Despite the crushing setback that not even many Republican pollsters were predicting, a defiant President Barack Hussein Obama (D) has threatened to use Executive Amnesty to give millions of illegal aliens legal status in this country while unilaterally using executive powers to open up the nation to even greater flows of legal immigrants.
Sen. Sessions warned, “A Republican Congress will defend itself and our citizens from these lawless actions. Surrendering to illegality is not an option. Democrats will have to choose sides: protect the President’s agenda, or protect your constituents.”
The Republican controlled U.S. House of Representatives has already passed a measure that would make any Executive Amnesty illegal, however Senate Democrats led by Senate Majority leader Harry Reid (D from Nevada) have refused to vote on that bill. Republicans are asking Democrats to pass that measure during the lame duck session which would make illegal President Barack Hussein Obama’s threatened unilateral actions on amnesty.
Sen. Sessions said, “Last night, the American people rebelled against the President’s Executive Amnesty and rallied behind GOP candidates who promised to put the needs of the American people first. It is shocking then that the President would declare that the only way ‘those Executive Actions go away,’ is to ‘send me a bill that I can sign.’ Otherwise, the President warned, he would ‘act in the absence of action by Congress. Of course, Congress has acted, and so have the American people. Republicans, and the voters who sent us here, rejected the Obama-Democrat legislation to give work permits to illegal immigrants and to surge already-record immigration rates. The President cannot, having had his policies defeated at the ballot box, impose them through Executive decree.”
In a post-election news conference, a defiant President Obama stood by his pledge to act on his own to reduce deportations, grant work permits and improve border security by the end of the year despite the crushing defeat of Democrats around the country.
Republicans Senate seats which were targeted by national Democrats, like Georgia, Kansas, Kentucky, and Nebraska stayed in Republican hands; while Democrat seats which were targeted by Republicans including: Alaska, North Carolina, Arkansas, South Dakota, Colorado, Iowa, and Montana fell rapidly to GOP challengers. Republicans also picked up more House seats, governorships, state legislatures, and local offices on Tuesday.

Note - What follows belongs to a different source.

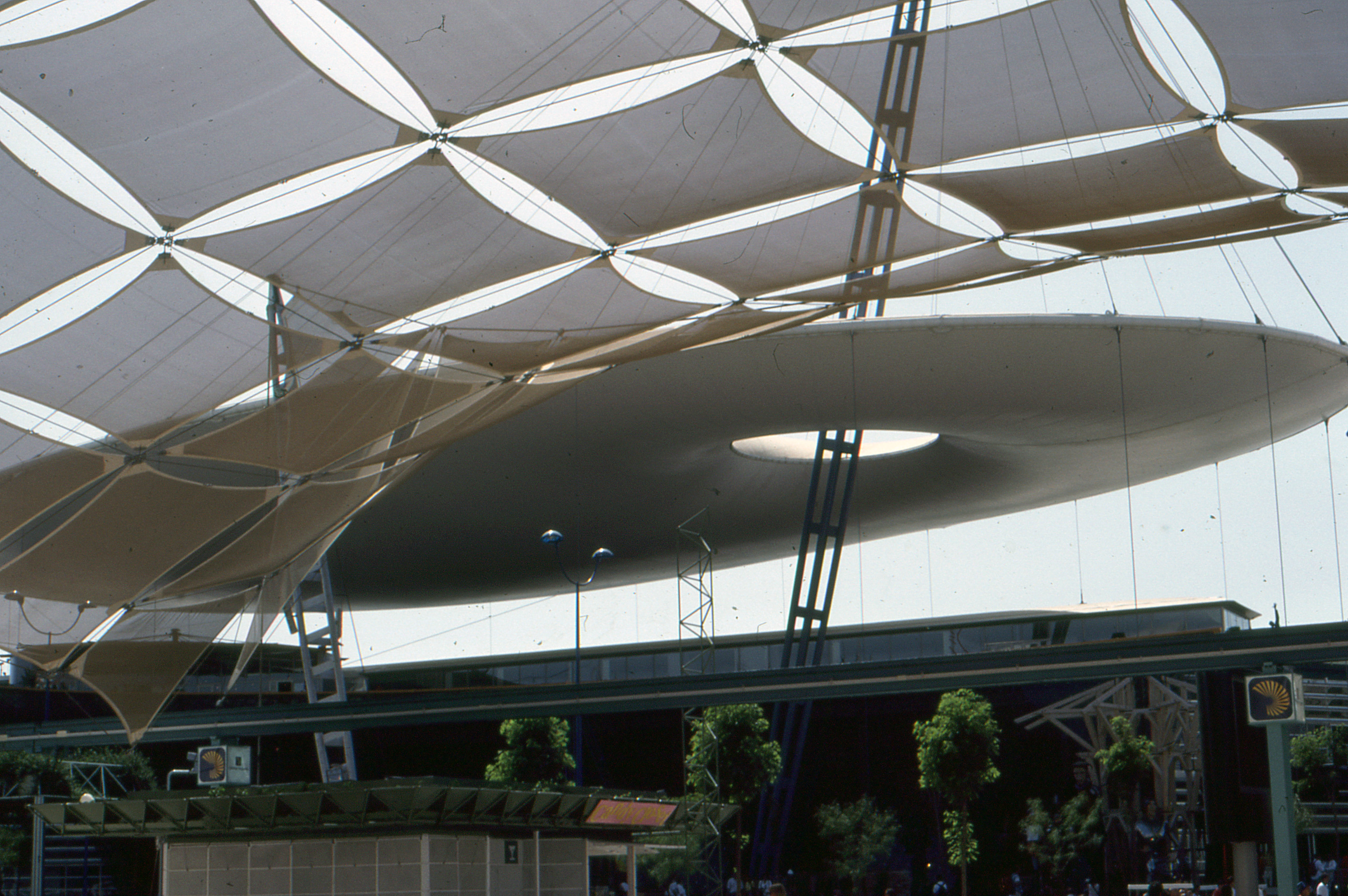 Kevlar sails, a novelty at that time... (Pavillion of Germany) Olympus OM10 + Kadachrome 100 ASA

Threats by pro-immigrant groups to make Republicans pay at the ballot box for not passing the President’s immigration reforms never materialized anywhere on election day. Democratic groups, like Empower Alabama, spent tens of millions registering new Democratic voters that never showed up to the polls.
Senate Minority Leader Mitch McConnell (R from Kentucky) said that for the President to now unilaterally pass an Executive Amnesty for five to seven million illegal aliens would be like, “Waving a red flag in front of a bull.” “I hope he won’t do that, because I do think it poisons the well for the opportunity to address a very important domestic issue.” Democrats spent a small fortune targeting Sen. McConnell’s reelection.
Fox News analyst Charles Krauthammer said to Bret Baier, “Of course it (the midterm election) was about [President Obama], of course it was his ideology and the execution of his leadership. This was a wall to wall rejection of Obamaism and he pretended today as if it was an election that doesn’t have a lot of meaning, because two thirds of the electorate didn’t show up.”
Sen. Sessions is credited by many with lobbying enough resistance from both the public at large and within the House Republican Caucus to block the immigration reform bill that passed the Senate with bipartisan support from ever reaching the floor of the House.
It is believed that the new Republican Senate Majority will elect Sessions to be the new Budget Chairman. Sen. Sessions himself was re-elected on Tuesday, though the struggling Alabama Democratic Party could not even find a candidate who was willing to put their name on the ballot opposing Sen. Sessions. Senator Sessions is also a senior member of the Senate Judiciary Committee.